BEGIN

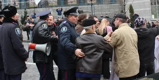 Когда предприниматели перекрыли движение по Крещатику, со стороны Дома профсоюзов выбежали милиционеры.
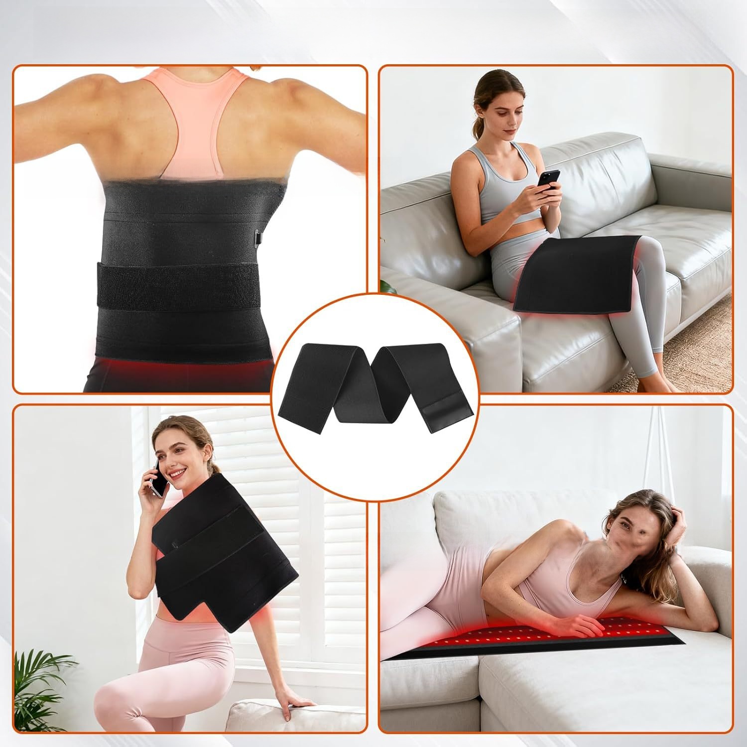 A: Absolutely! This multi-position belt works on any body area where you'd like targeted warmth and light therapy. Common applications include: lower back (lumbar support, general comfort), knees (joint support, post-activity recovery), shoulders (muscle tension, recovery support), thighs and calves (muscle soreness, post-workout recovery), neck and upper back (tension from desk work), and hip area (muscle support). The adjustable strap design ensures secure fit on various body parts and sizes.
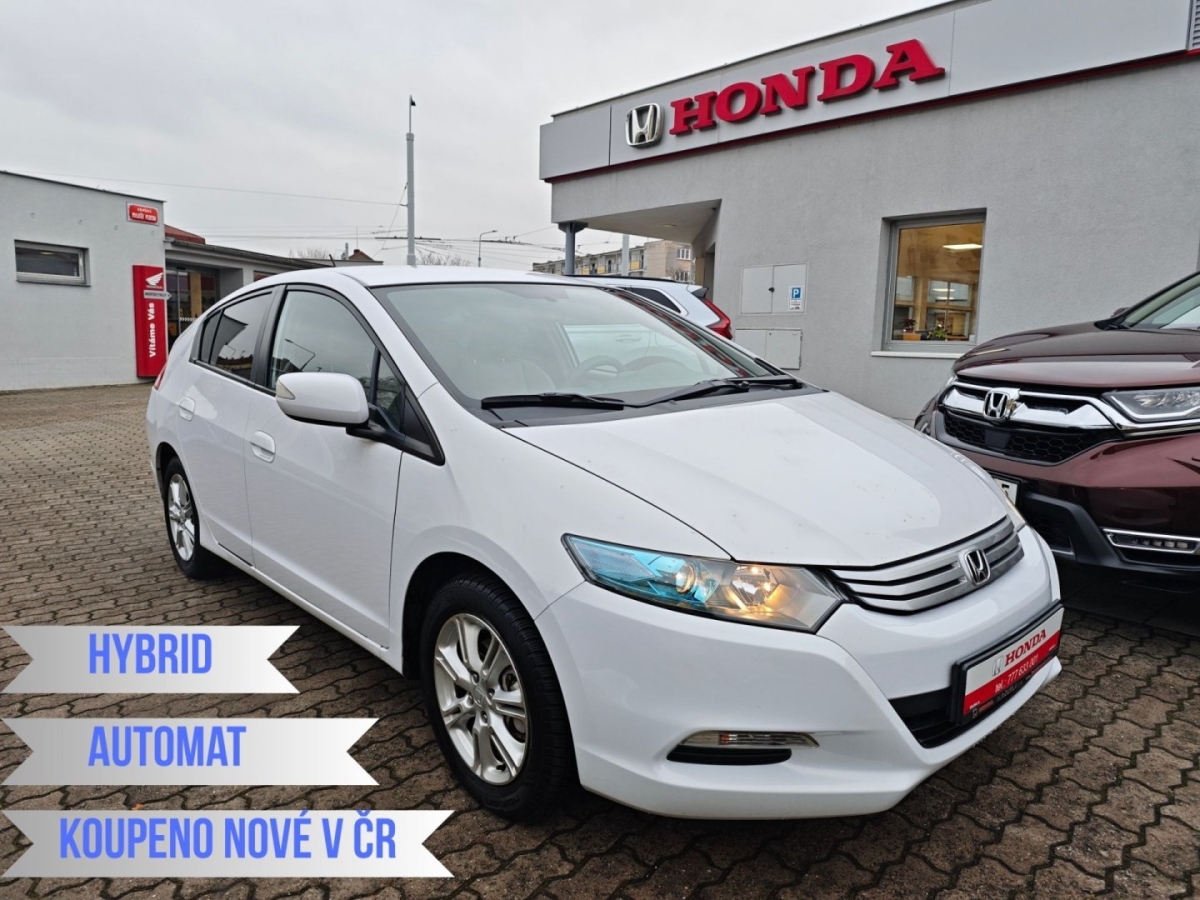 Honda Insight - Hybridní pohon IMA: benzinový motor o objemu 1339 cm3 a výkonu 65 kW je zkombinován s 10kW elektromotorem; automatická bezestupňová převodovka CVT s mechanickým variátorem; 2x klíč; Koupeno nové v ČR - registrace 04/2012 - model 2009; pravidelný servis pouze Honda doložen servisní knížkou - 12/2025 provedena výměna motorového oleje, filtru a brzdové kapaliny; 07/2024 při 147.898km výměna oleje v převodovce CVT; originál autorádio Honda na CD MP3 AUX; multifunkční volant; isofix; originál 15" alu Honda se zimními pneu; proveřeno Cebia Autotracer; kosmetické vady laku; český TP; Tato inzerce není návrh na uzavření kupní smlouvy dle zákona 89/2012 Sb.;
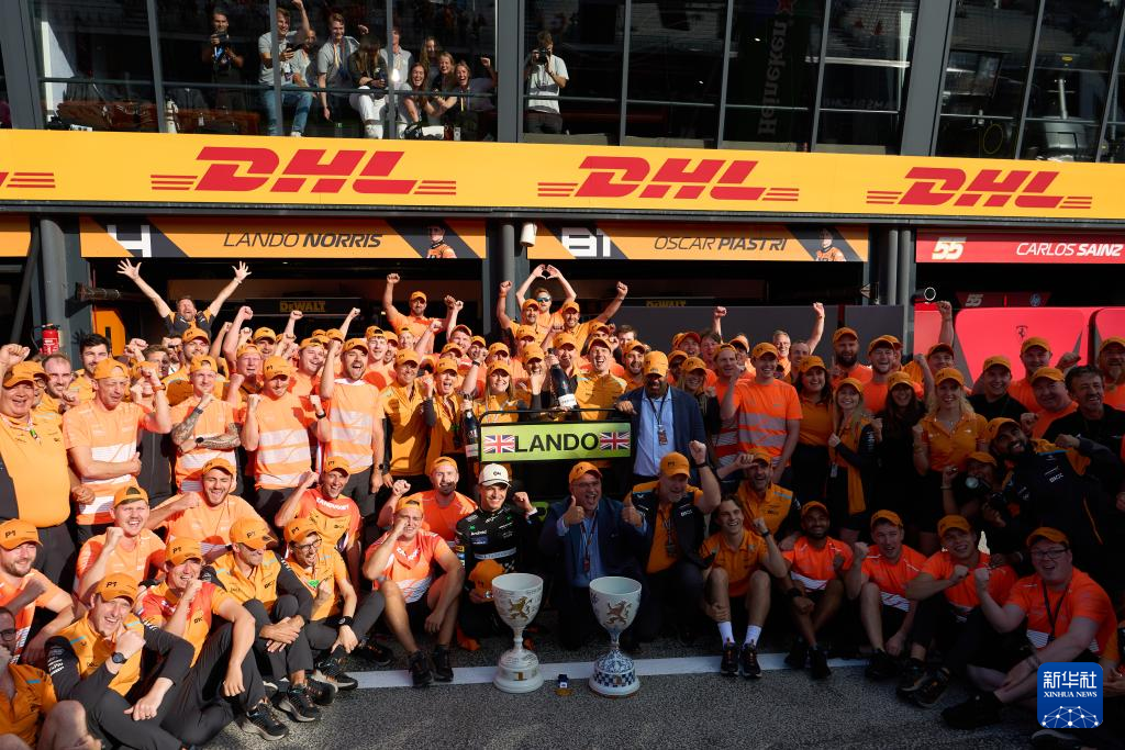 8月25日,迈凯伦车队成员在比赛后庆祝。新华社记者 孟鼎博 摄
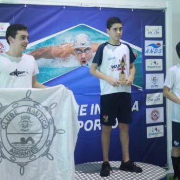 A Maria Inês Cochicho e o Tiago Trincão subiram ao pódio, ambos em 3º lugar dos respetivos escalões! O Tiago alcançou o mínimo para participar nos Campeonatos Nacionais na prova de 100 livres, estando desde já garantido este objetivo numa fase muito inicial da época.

END

__Work request__
Pictures aside, restate the entries word for word.

__Result of this task__
 Когда предприниматели перекрыли движение по Крещатику, со стороны Дома профсоюзов выбежали милиционеры.
 A: Absolutely! This multi-position belt works on any body area where you'd like targeted warmth and light therapy. Common applications include: lower back (lumbar support, general comfort), knees (joint support, post-activity recovery), shoulders (muscle tension, recovery support), thighs and calves (muscle soreness, post-workout recovery), neck and upper back (tension from desk work), and hip area (muscle support). The adjustable strap design ensures secure fit on various body parts and sizes.
 Honda Insight - Hybridní pohon IMA: benzinový motor o objemu 1339 cm3 a výkonu 65 kW je zkombinován s 10kW elektromotorem; automatická bezestupňová převodovka CVT s mechanickým variátorem; 2x klíč; Koupeno nové v ČR - registrace 04/2012 - model 2009; pravidelný servis pouze Honda doložen servisní knížkou - 12/2025 provedena výměna motorového oleje, filtru a brzdové kapaliny; 07/2024 při 147.898km výměna oleje v převodovce CVT; originál autorádio Honda na CD MP3 AUX; multifunkční volant; isofix; originál 15" alu Honda se zimními pneu; proveřeno Cebia Autotracer; kosmetické vady laku; český TP; Tato inzerce není návrh na uzavření kupní smlouvy dle zákona 89/2012 Sb.;
 8月25日,迈凯伦车队成员在比赛后庆祝。新华社记者 孟鼎博 摄
 A Maria Inês Cochicho e o Tiago Trincão subiram ao pódio, ambos em 3º lugar dos respetivos escalões! O Tiago alcançou o mínimo para participar nos Campeonatos Nacionais na prova de 100 livres, estando desde já garantido este objetivo numa fase muito inicial da época.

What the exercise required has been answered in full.